Решающе важными для понимания текстов оказываются условия, в которых они читаются, становятся частью целостного опыта читателя — тактильного, обонятельного, осязательного, эмоционального в его неотделимости от смыслового. (Так, о «16-страничной, невесомой» книжечке стихов Григория Дашевского автор говорит: «…читаю в поезде, ношу в кармане куртки (и боюсь помять варежкой, но уже помяла и промочила снегом), беру в кафе, — я её берегу и не берегу, как не берегут самое родное».) Условия чтения настраивают восприятие, формируют и направляют опыт в целом. Текст, показывает Машевская, через устанавливающиеся с ним личные отношения апеллирует к цельности человека: наверняка всякий текст, но художественный — непременно, а поэтический — в особенности.
Такое чтение никоим образом не простодушно, не непосредственно, — оно проходит через многие фильтры, определяемые культурой и персональными путями читающего в ней. К чтению стихов Машинская подключает дополнительные оптические ресурсы: кроме зрения частного человека, она рассматривает их зрением одновременно двух (как минимум) своих интеллектуальных субличностей: и поэта, и естествоиспытателя — будучи и тем, и другим (оба этих типа видения, в свою очередь, накладываются друг на друга, взаимодействуют, обмениваются опытом). Причём естествоиспытатель — по исходному научному опыту, как мы помним, географ — видит и мыслит стихи пространственно, а обладая, кроме того, и некоторыми физическими знаниями, по меньшей мере — представлениями, использует  как образный ресурс и их тоже.

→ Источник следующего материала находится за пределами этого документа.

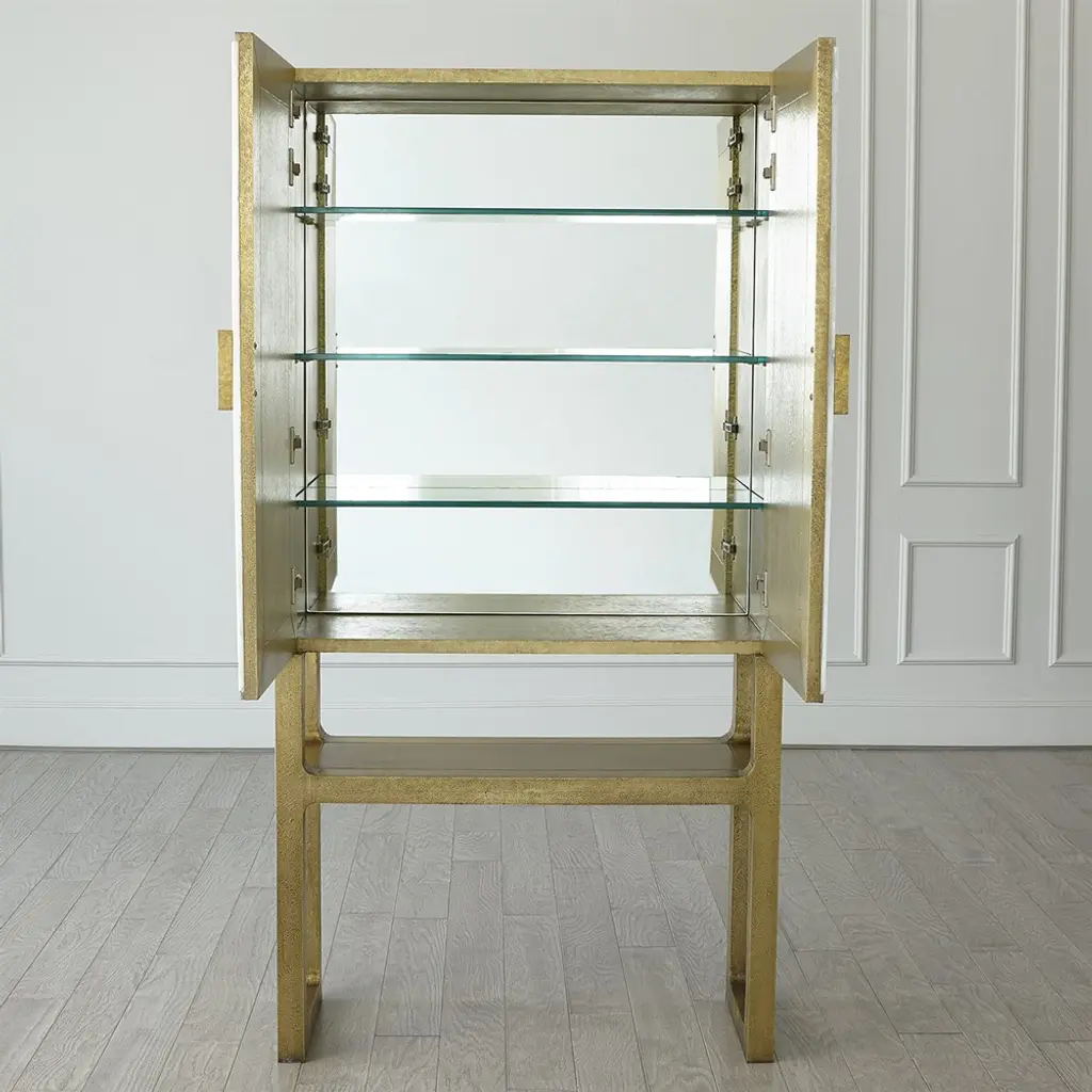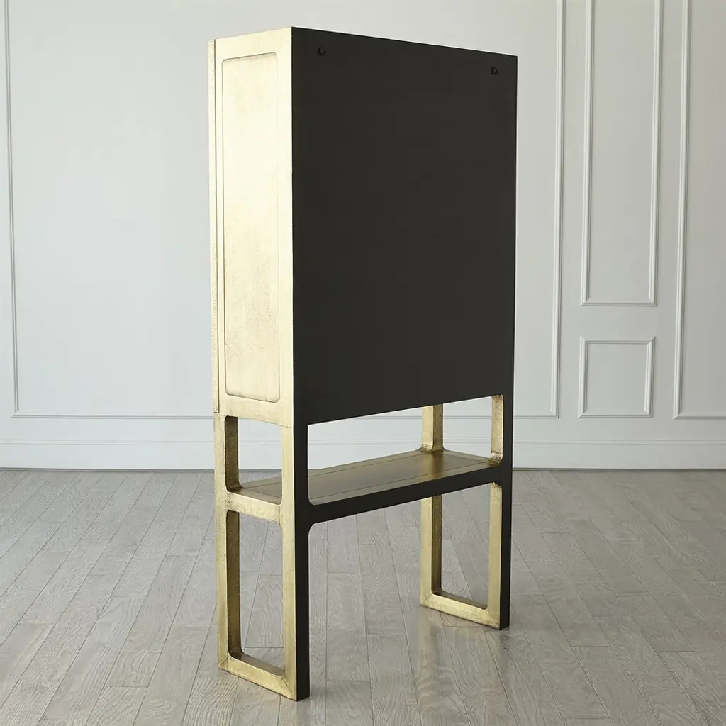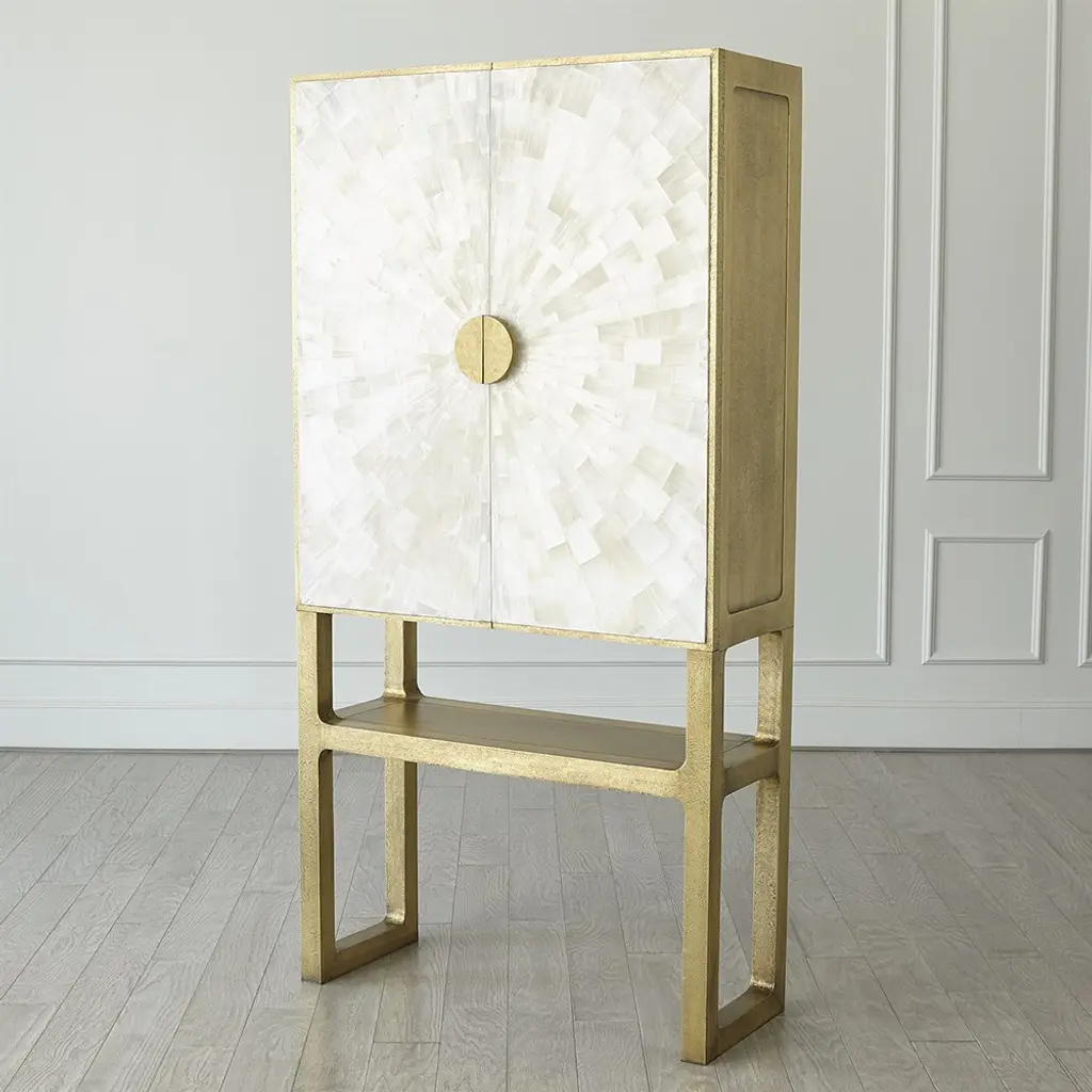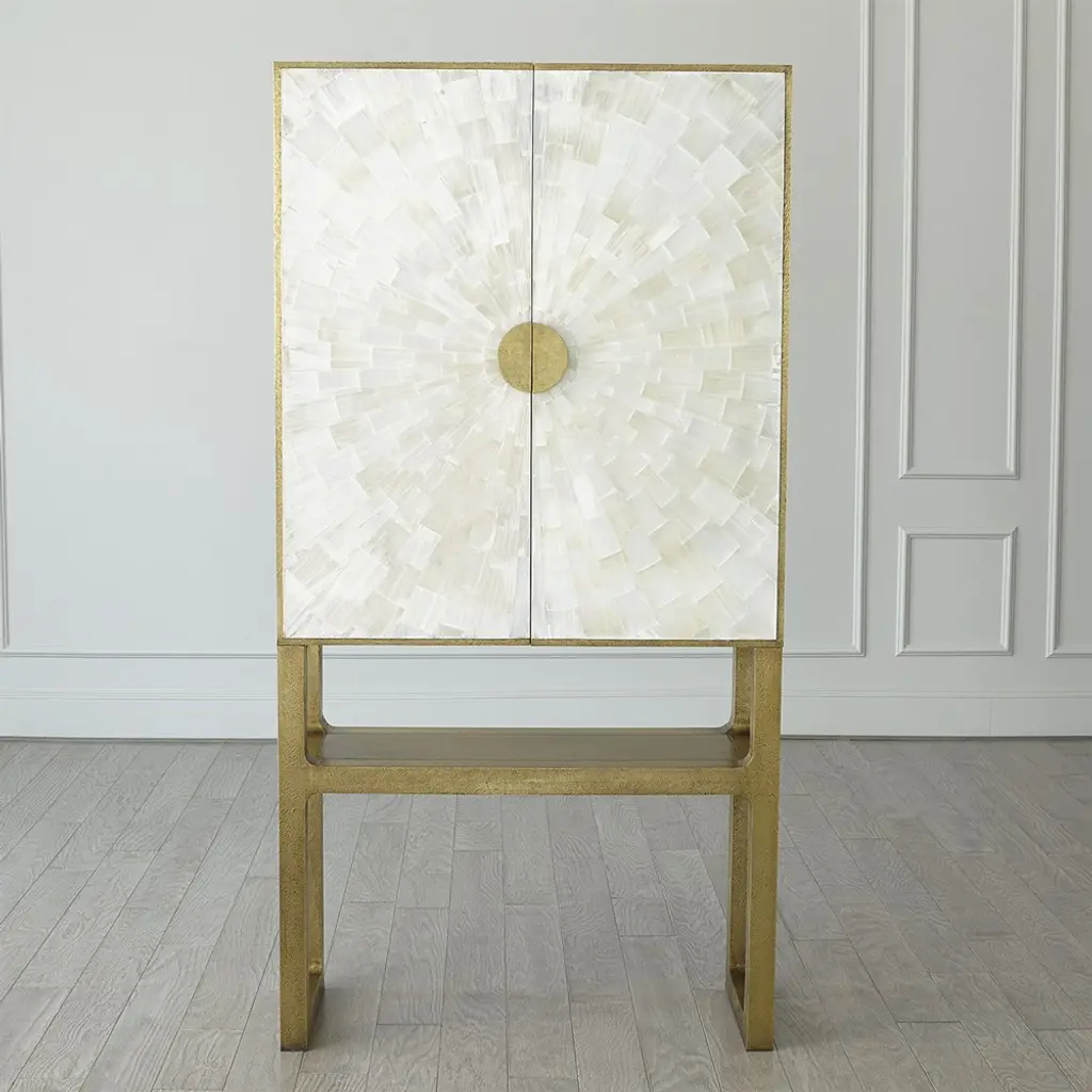 Briar Modern Classic Selenite Brass Wood Bar Cabinet

В результате о стихах Дашевского говорится так: «Хочется думать об этом пространстве, прорехах словесной ткани, огромных расстояниях между словом и словом, смыслом и смыслом, строкой и строкой — они не бесконечны, они только кажутся такими на фоне современного мелко прописанного подробного стихописания, а на самом деле каждый из этих двенадцати текстов — отдельная точная планетарная модель, стянутая слабой, но непреодолимой гравитацией — речевой G». И далее: «Каждое стихотворение — раковина или (те, что подлиннее) влажный древесный ствол поутру, его ощущаешь физически, и с каждым прочтением происходит движение формы — то так свет упадёт, то эдак, но кажется, что за ночь оно уже изменилось, отлилось в другую раковину или выросла в нём новая ветвь».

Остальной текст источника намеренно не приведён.